Elsevier

Surface Science Reports

Volume 63, Issue 12, 15 December 2008, Pages 515-582
Surface Science Reports

TiO2 photocatalysis and related surface phenomena

https://doi.org/10.1016/j.surfrep.2008.10.001Get rights and content

Abstract

The field of photocatalysis can be traced back more than 80 years to early observations of the chalking of titania-based paints and to studies of the darkening of metal oxides in contact with organic compounds in sunlight. During the past 20 years, it has become an extremely well researched field due to practical interest in air and water remediation, self-cleaning surfaces, and self-sterilizing surfaces. During the same period, there has also been a strong effort to use photocatalysis for light-assisted production of hydrogen. The fundamental aspects of photocatalysis on the most studied photocatalyst, titania, are still being actively researched and have recently become quite well understood. The mechanisms by which certain types of organic compounds are decomposed completely to carbon dioxide and water, for example, have been delineated.
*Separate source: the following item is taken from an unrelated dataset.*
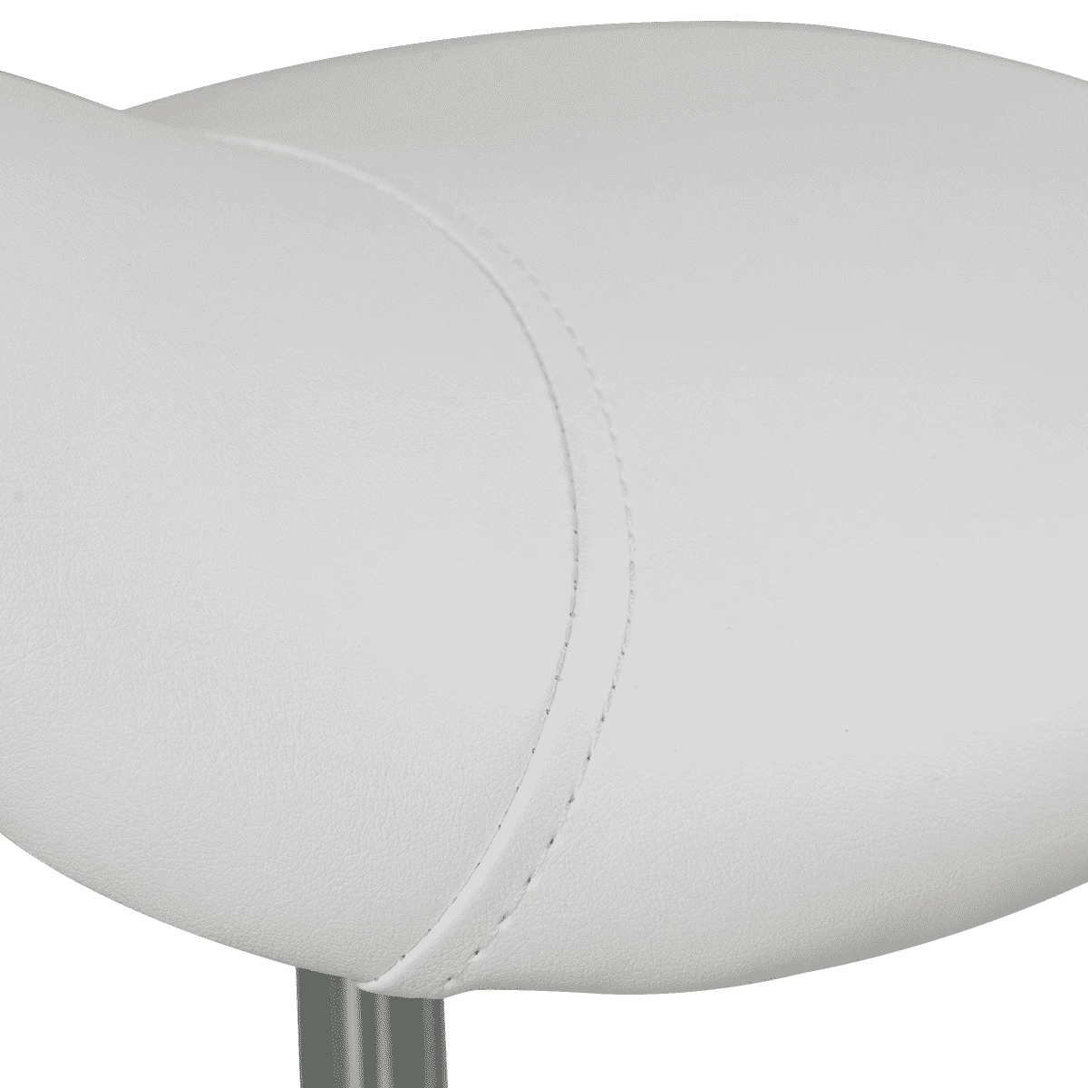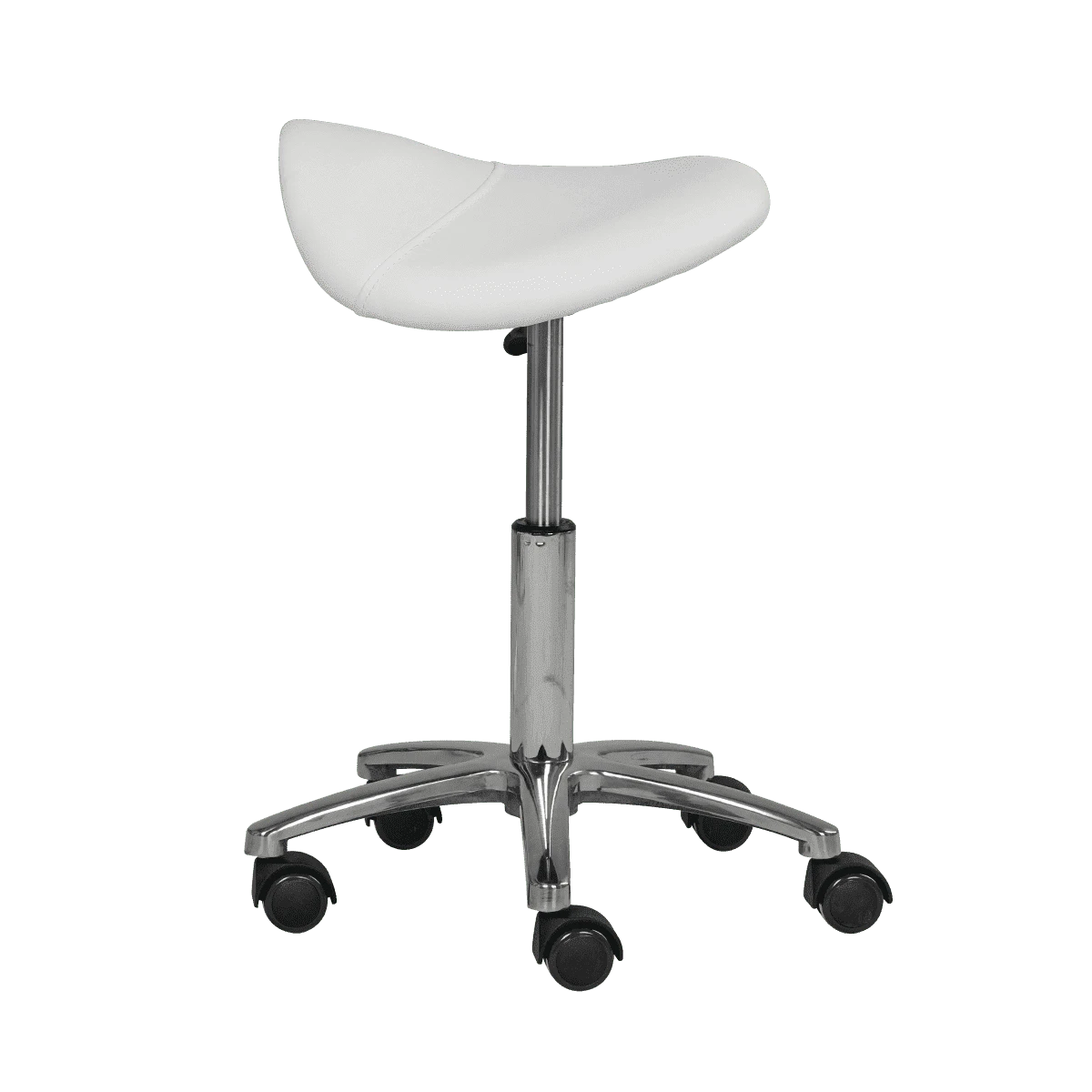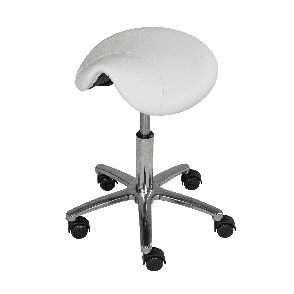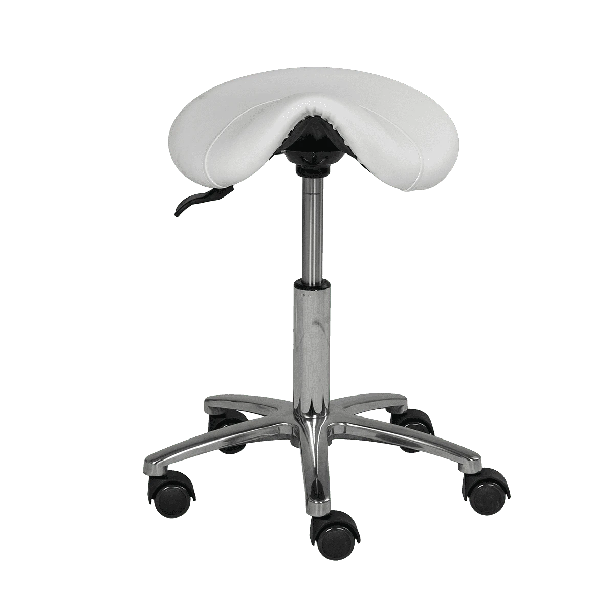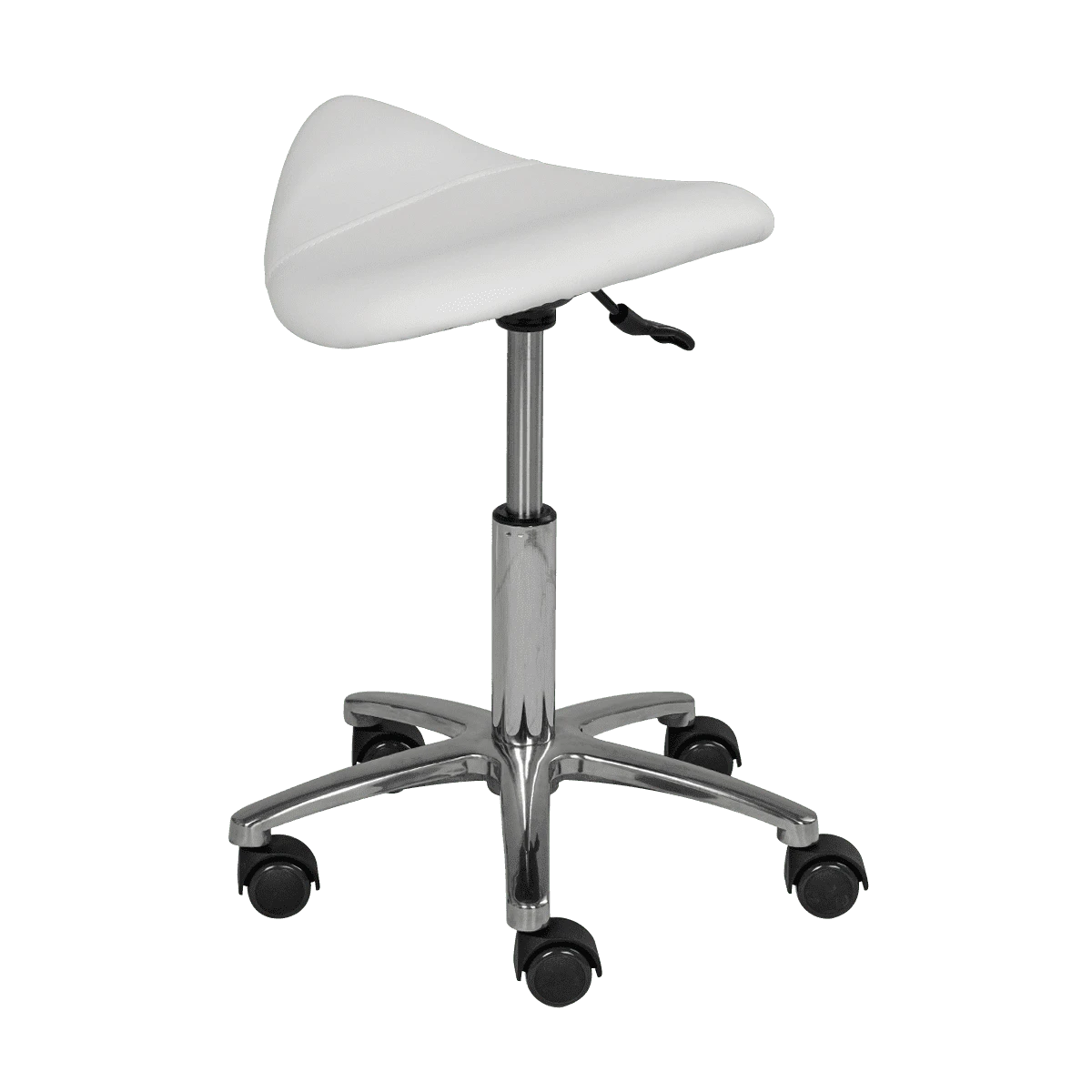 Стулья данной конфигурации, с сиденьем в форме седла, пользуются популярностью среди профессионалов. Такой стул позволяет снизить утомляемость и предотвращает появление болей в спине и ногах на протяжении и после рабочего дня. Неоспоримым преимуществом модели является наличие удобной опоры для ног. Она, как и основание, выполнена из хромированного металла. Без усилий перемещать стул по помещению позволяют легко вращающиеся колеса из прочного черного пластика. Они также обеспечивают устойчивость стула на полу с любой поверхностью.

However, certain aspects, such as the photo-induced wetting phenomenon, remain controversial, with some groups maintaining that the effect is a simple one in which organic contaminants are decomposed, while other groups maintain that there are additional effects in which the intrinsic surface properties are modified by light. During the past several years, powerful tools such as surface spectroscopic techniques and scanning probe techniques performed on single crystals in ultra-high vacuum, and ultrafast pulsed laser spectroscopic techniques have been brought to bear on these problems, and new insights have become possible. Quantum chemical calculations have also provided new insights. New materials have recently been developed based on titania, and the sensitivity to visible light has improved. The new information available is staggering, but we hope to offer an overview of some of the recent highlights, as well as to review some of the origins and indicate some possible new directions.

Introduction

Photocatalysis is generally thought of as the catalysis of a photochemical reaction at a solid surface, usually a semiconductor [1], [2], [3], [4], [5], [6], [7], [8], [9], [10], [11], [12], [13], [14], [15], [16]. This simple definition, while correct and useful, however, conceals the fact that there must be at least two reactions occurring simultaneously, the first involving oxidation, from photogenerated holes, and the second involving reduction, from photogenerated electrons. Both processes must be balanced precisely in order for the photocatalyst itself not to undergo change, which is, after all, one of the basic requirements for a catalyst.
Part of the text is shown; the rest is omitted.